For now I don’t know if I’ll be involved in that side of the project, I hope I am, but that’s for another day! Back to my actual point, because of the environment we run in our datacentres, our firewalls run with Virtual-Router Routing-Instances. A Virtual Router is similar than Cisco’s VRF concept however, with Juniper’s a Virtual Router is used for non-VPN related applications. So, I was asked to investigate if it was possible for our firewalls to be NTP clients to a NTP server via the master instance and also be able to act as a NTP server to attached clients within a routing-instance.

Note
You can get more detail about Juniper’s Routing-Instance Types on their TechLibrary Routing Instances Overview

Although it sounds a bit of a mouthful, the topology itself is quite straightforward. The diagram below shows the topology I’ll be testing with:

Routing

As the diagram shows, I’ll be using a standalone Juniper SRX220h and two ESXi Ubuntu 14.04LTS servers. The SRX will be a NTP client of the NTP server (km-vm4) via the master inet.0 table. The second client km-vm1 will be located within the Routing-Instance “test” and will be using the SRX220 as its NTP server. Security policies will need to be defined, as the stateful functionalities of the SRX will still be in use. Without creating security between the zones all traffic will be dropped.

Note
The Base configuration used in this topology is below. (I using this SRX for IPv6 testing as well, so ignore the vlan name lol)
Base Config
set interfaces ge-0/0/0 enable
set interfaces ge-0/0/0 unit 0 family ethernet-switching port-mode access
set interfaces ge-0/0/0 unit 0 family ethernet-switching vlan members internal-v6
set interfaces ge-0/0/1 enable
set interfaces ge-0/0/1 unit 0 family ethernet-switching port-mode access
set interfaces ge-0/0/1 unit 0 family ethernet-switching vlan members ntp-server
set interfaces vlan unit 100 family inet address 192.168.1.1/24
set interfaces vlan unit 101 family inet address 192.168.2.1/24

set security policies from-zone vlan100 to-zone vlan101 policy allow-ntp match source-address any
set security policies from-zone vlan100 to-zone vlan101 policy allow-ntp match destination-address any
set security policies from-zone vlan100 to-zone vlan101 policy allow-ntp match application junos-ntp
set security policies from-zone vlan100 to-zone vlan101 policy allow-ntp then permit

set security policies from-zone vlan101 to-zone vlan100 policy allow-ntp match source-address any
set security policies from-zone vlan101 to-zone vlan100 policy allow-ntp match destination-address any
set security policies from-zone vlan101 to-zone vlan100 policy allow-ntp match application junos-ntp
set security policies from-zone vlan101 to-zone vlan100 policy allow-ntp then permit

set security zones security-zone vlan100 interfaces vlan.100 host-inbound-traffic system-services any-service
set security zones security-zone vlan101 interfaces vlan.101 host-inbound-traffic system-services any-service

set routing-instances test instance-type virtual-router
set routing-instances test interface vlan.100

set vlans internal-v6 vlan-id 100
set vlans internal-v6 l3-interface vlan.100
set vlans ntp-server vlan-id 101
set vlans ntp-server l3-interface vlan.101

With this setup, the overall goal of this testing is to see if it’s possible to advertise specific routes from the inet.0 table to another routing table, to allow end to end connectivity between routing instances.

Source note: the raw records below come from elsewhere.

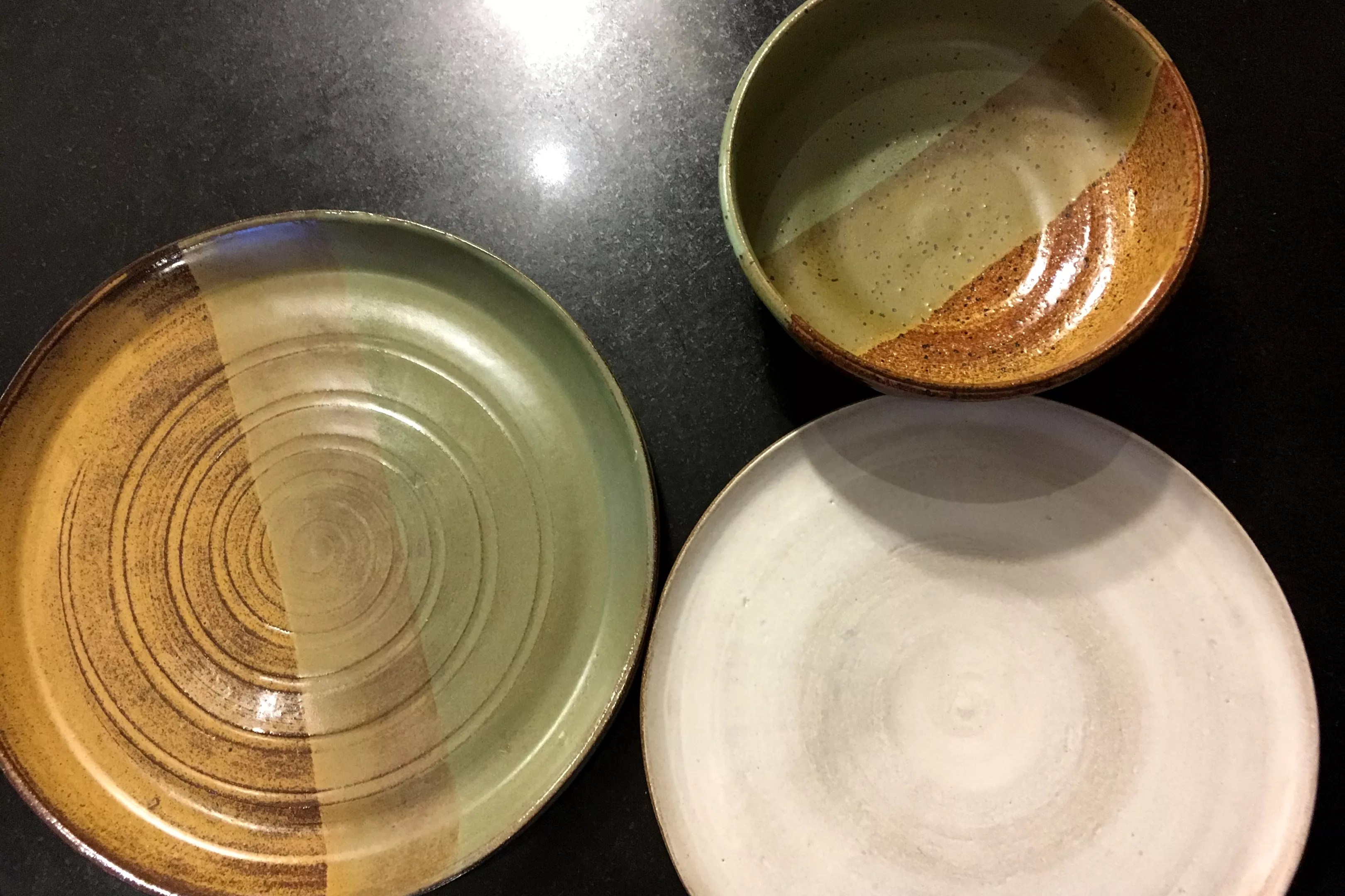 Mencini holds up a small, slightly asymmetrical cup. It’s a little thick and clunky, something you might drink coffee out of at home. “This is my first piece,” he says. Alongside a collection of other platters, bowls and cups in mostly earth-toned finishes that he uses as a kind of sales kit when visiting restaurants, that little cup stands as a reminder of how far he’s come in such a short period of time. His pieces can best be described as earthenware; some bear the grainy texture of the clay, and nearly all come in shades of green, gray, tan and rust (with a few bolder mineral blues and blacks) that enhance their origins in the earth.
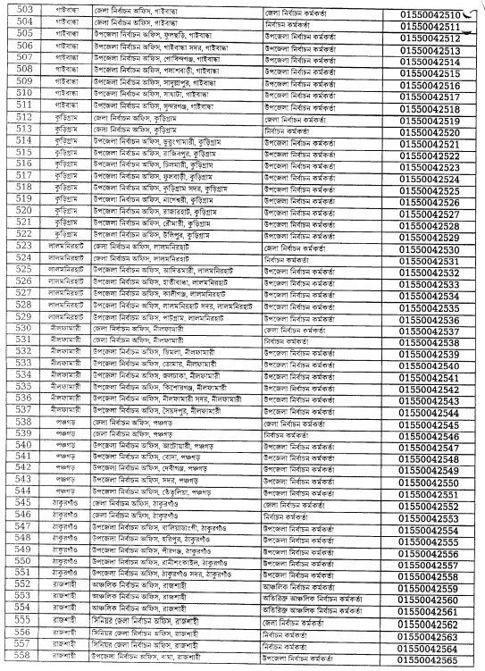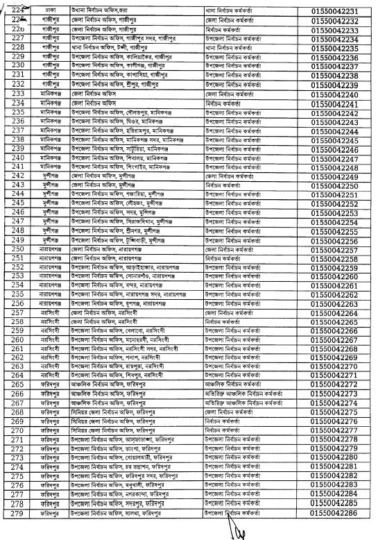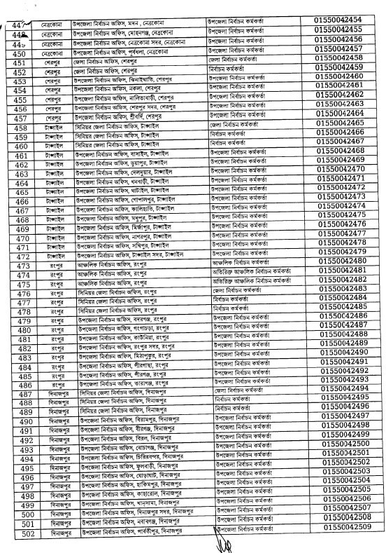 আমরা আপনার সুবিধার জন্য এখানে ছবি আকারে উপার্জনের নির্বাচন অফিসের ফোন নাম্বার তালিকা গুলো যুক্ত করেছি।
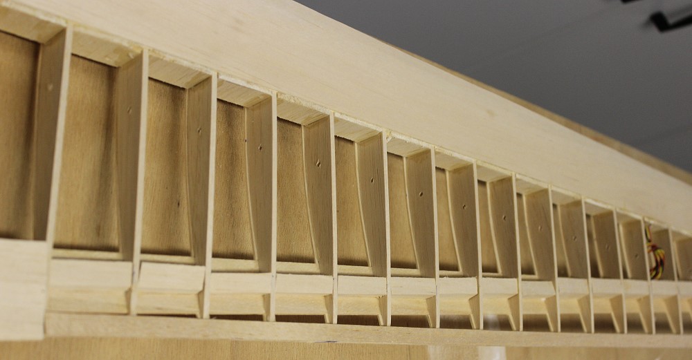 Die Querruderverkastung besteht aus 4mm Balsa im Abstand

This post will not show/explain how the stateful functionalities of the SRX series firewall works. That will be in another post :p

With all that talk and background out of the way… Let’s get cracking 🙂

With the NTP server already configured, the SRX need to set as an NTP client. This configuration is done under system ntp stanza. We set the remote server, ntp version and preference. In addition, I set two other statements; one is optional and the other had to be set. The statements, boot-server and source-address, Juniper defines these statements as:

  • boot-server: When the router or switch boots, it immediately synchronizes with the boot server even if the NTP process is explicitly disabled or if the time difference between the client and the boot server exceeds the threshold value of 1000 seconds.
  • source-address: This is statement useful for controlling which source address NTP will use to access your network when it is either responding to an NTP client request from your network or when it itself is sending NTP requests to your network.

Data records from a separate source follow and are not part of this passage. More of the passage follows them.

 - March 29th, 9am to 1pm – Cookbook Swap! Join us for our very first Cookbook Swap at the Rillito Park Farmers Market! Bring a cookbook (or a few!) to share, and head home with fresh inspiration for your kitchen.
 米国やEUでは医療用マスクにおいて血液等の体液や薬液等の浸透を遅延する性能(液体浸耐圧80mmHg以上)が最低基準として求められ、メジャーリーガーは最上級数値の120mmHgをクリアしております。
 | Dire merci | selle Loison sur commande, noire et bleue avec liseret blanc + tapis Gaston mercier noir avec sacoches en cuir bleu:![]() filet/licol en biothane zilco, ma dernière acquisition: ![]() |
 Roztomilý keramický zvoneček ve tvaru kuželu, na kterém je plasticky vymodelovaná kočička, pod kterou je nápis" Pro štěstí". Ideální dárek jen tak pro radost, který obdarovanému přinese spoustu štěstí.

As described above, and in a nutshell, by adding the source-address this will allow other clients/devices to set an IP address that’s located on the SRX as their remote NTP server. Thus providing a /32 address that can be advertised. For my example the address 192.168.2.1, the gateway address for the ntp server, will be the address used as the source address.

[email protected]# show system ntp 
boot-server 192.168.2.100;
server 192.168.2.100 version 4 prefer;
source-address 192.168.2.1;

We can verify the NTP association by using the command show ntp assocication.

[email protected]# run show ntp associations                      
     remote           refid      st t when poll reach   delay   offset  jitter
==============================================================================
*192.168.2.100   43.255.190.16    3 -  148  256  377    2.313    0.748   0.063

With NTP verified on the SRX, we have to leak the NTP source address for the SRX 192.168.2.1 from the inet.0 table to the test.inet.0 table. As we can see, when we look at the routing instance’s routing table, we don’t have the route installed into the table:

[email protected]# run show route table test.inet.0      

test.inet.0: 2 destinations, 2 routes (2 active, 0 holddown, 0 hidden)
+ = Active Route, - = Last Active, * = Both

192.168.1.0/24     *[Direct/0] 04:02:28
                    > via vlan.100
192.168.1.1/32     *[Local/0] 06:31:31
                      Local via vlan.100

To get the route installed into the test.inet.0 table, we’ll need to leak the 192.168.2.1/32 route into the test.inet.0 table, and we’ll do this by creating two policy statements. For my example I’ve named them master and instance just for ease!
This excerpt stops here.